L’obiettivo è un egualitarismo innaturale e dannoso. L’opinione di Andrea Caspani

Andrea Caspani, docente di storia e filosofia, direttore di Linea-Tempo, una delle poche (e serie) riviste di didattica, critica ed analisi storica esistenti, è osservatore privilegiato dei problemi epocali dell’educazione.Ci offre uno sguardo singolarmente acuto sul disastro che si sta abbattendo sulle scuole, in particolare mette a nudo le radici ideologiche alla base delle elucubrazioni dei “nuovi didatti”, i consiglieri dei ministri Berlinguer e De Mauro. Soprattutto riguardo ai programmi di storia si preoccupa delle implicazioni metodologiche riferite alla concezione dello scorrere degli avvenimenti che andrebbero insegnati  nel senso di un “eterno presente”. “Viviamo in un contesto culturale in cui c’è alle spalle quello che potremmo chiamare, con le parole di Del Noce, “un nichilismo gaio”, visione in cui è azzerato il riferimento alla Tradizione, ad una prospettiva che vada oltre la cosiddetta autosufficienza del presente, quindi paradossalmente viene negato sia il riferimento al passato che l’aspettativa di un futuro diverso da quello della società attuale. Siamo in un’epoca per dirla con Pasolini di “omologazione di massa”, conformismo di massa. Questo fatto si ripercuote pesantemente sui ragazzi perché indubbiamente vengono invitati a guardare soltanto gli elementi della cultura e dell’istruzione che possano essere, vitalisticamente, utilitaristici. C’è in sottofondo alla nostra cultura un atteggiamento che non favorisce la formazione culturale nella scuola e questo è il primo elemento che contrasta con la possibilità di un’adeguata formazione storica”. 
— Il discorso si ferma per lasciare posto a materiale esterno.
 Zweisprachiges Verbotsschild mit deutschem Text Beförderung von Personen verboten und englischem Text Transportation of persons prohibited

Possiamo dire che il metodo didattico e di approccio pedagogico si adegua all’ambiente circostante dominante, quello determinato da cinema e tv, che ha proprio tale prospettiva “hollywwoodiana”, non esistono passato e futuro ma si deve vivere “giorno per giorno”? 
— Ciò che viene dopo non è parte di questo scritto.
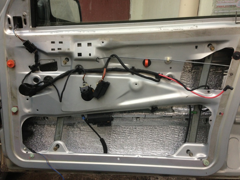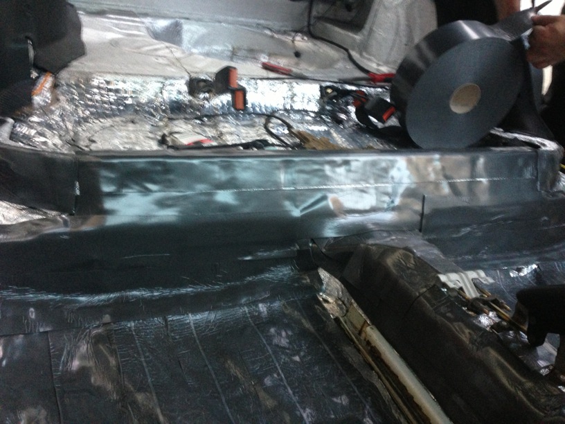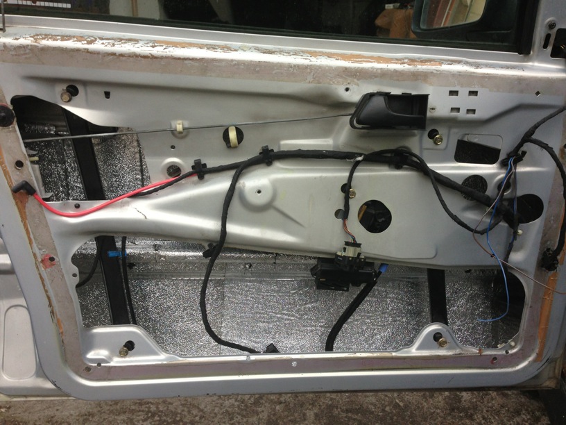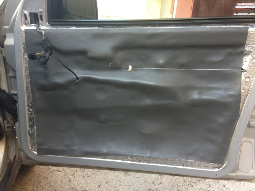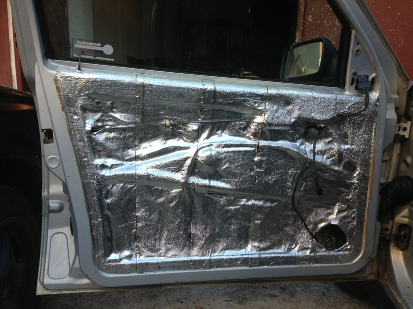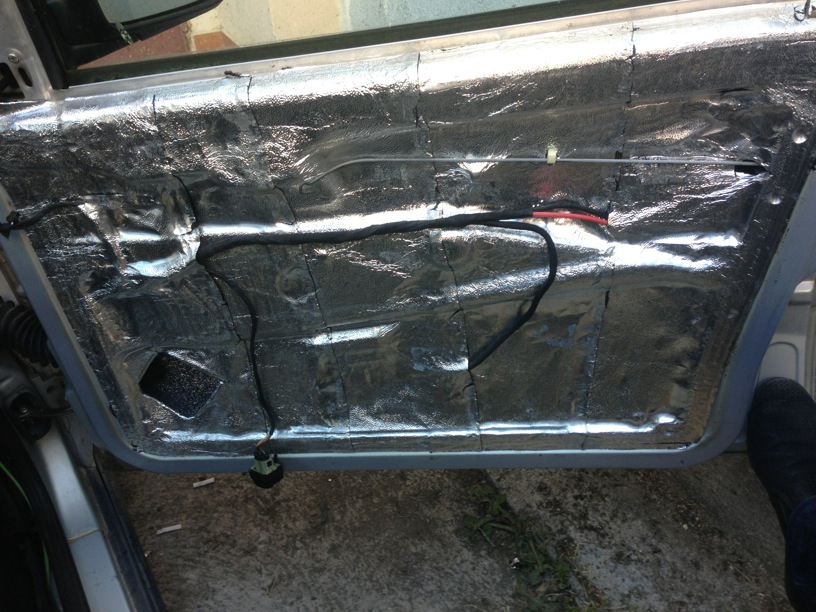 Един от най-важните моменти при шумоизолирането на автомобила са вратите. От там прониква огромно количество шум и ако не е правилно направено си е чист разход на време и материал. В този процес се постарахме да спазим всички възможни правила. Обезшумяването е трислойно, от два различни вида материали. Битумно-алуминиевия материал не е професионален и с малко под половин милиметър по-тънък от професионалните материали. Компенсирали сме със застъпване на материала при полагането му:
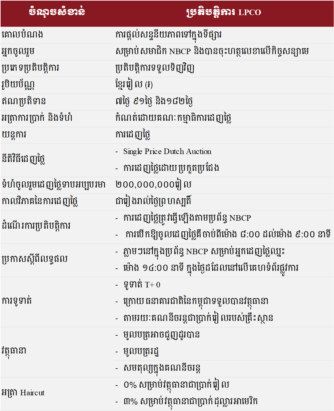 ធនាគារជាតិនៃកម្ពុជាធ្វើការកំណត់ទំហំ និងអត្រាសម្រាប់ដាក់ឱ្យដេញថ្លៃជារៀងរាល់សប្តាហ៍។ គ្រឹះស្ថានធនាគារ និងហិរញ្ញវត្ថុដែលជាសមាជិកថ្នាលធនាគារជាតិនៃកម្ពុជា (NBCP) អាចចូលរួមបានតាមរយៈការដេញថ្លៃនៅក្នុងប្រព័ន្ធ NBCP ដោយត្រូវផ្តល់ព័ត៌មាននូវទំហំទឹកប្រាក់ដែលស្នើសុំ និងអត្រាការប្រាក់។

“Direi che questo è il grande problema dell’oggi; che mentre si constata – e lo dico da insegnante e come punto di riferimento, con Linea-Tempo, che interagisce con docenti universitari, delle superiori, medie ed elementari (o scuola di base come pretende la riforma) – una progressiva  difficoltà nell’approccio formativo coi ragazzi, si assiste ad un profluvio di innovazioni ministeriali, di progetti e addirittura di riforme come appunto la nuova scansione dei programmi di storia che vanno in direzione (lo argomenta Lucio Russo del sodalizio Prisma) “di un’americanizzazione della scuola” ma senza i correttivi che la scuola americana ammette, come un certo pluralismo. In tal senso americanizzazione significa cedere al conformismo del presente; trasformare la scuola in deconcettualizzata, che non fornisce più la possibilità di maturare metodi critici, concettualizzazione teorica ma mira a consegnare competenze tecnico-pratiche. Questo purtroppo avviene sull’esplicito invito degli “esperti” ministeriali. Nel caso concreto, sull’appoggio che han dato i ministri ai cosiddetti “nuovi didatti della storia”, che separano la storia dall’insegnamento di contenuti ed eventi, che sono, di fatto, l’oggetto specifico della storia. Per dirla con Paul Vain “è un racconto di avvenimenti”. Invece per loro deve servire a maturare capacità metodologiche, linguistiche, concettuali, tipo costruire “mappe concettuali”, “percorsi tematici che attraversano i secoli”; senza però esser capaci di contestualizzare adeguatamente – 
se non sbaglio, sembrano cascami di sociologismo sessantottino “andati a male”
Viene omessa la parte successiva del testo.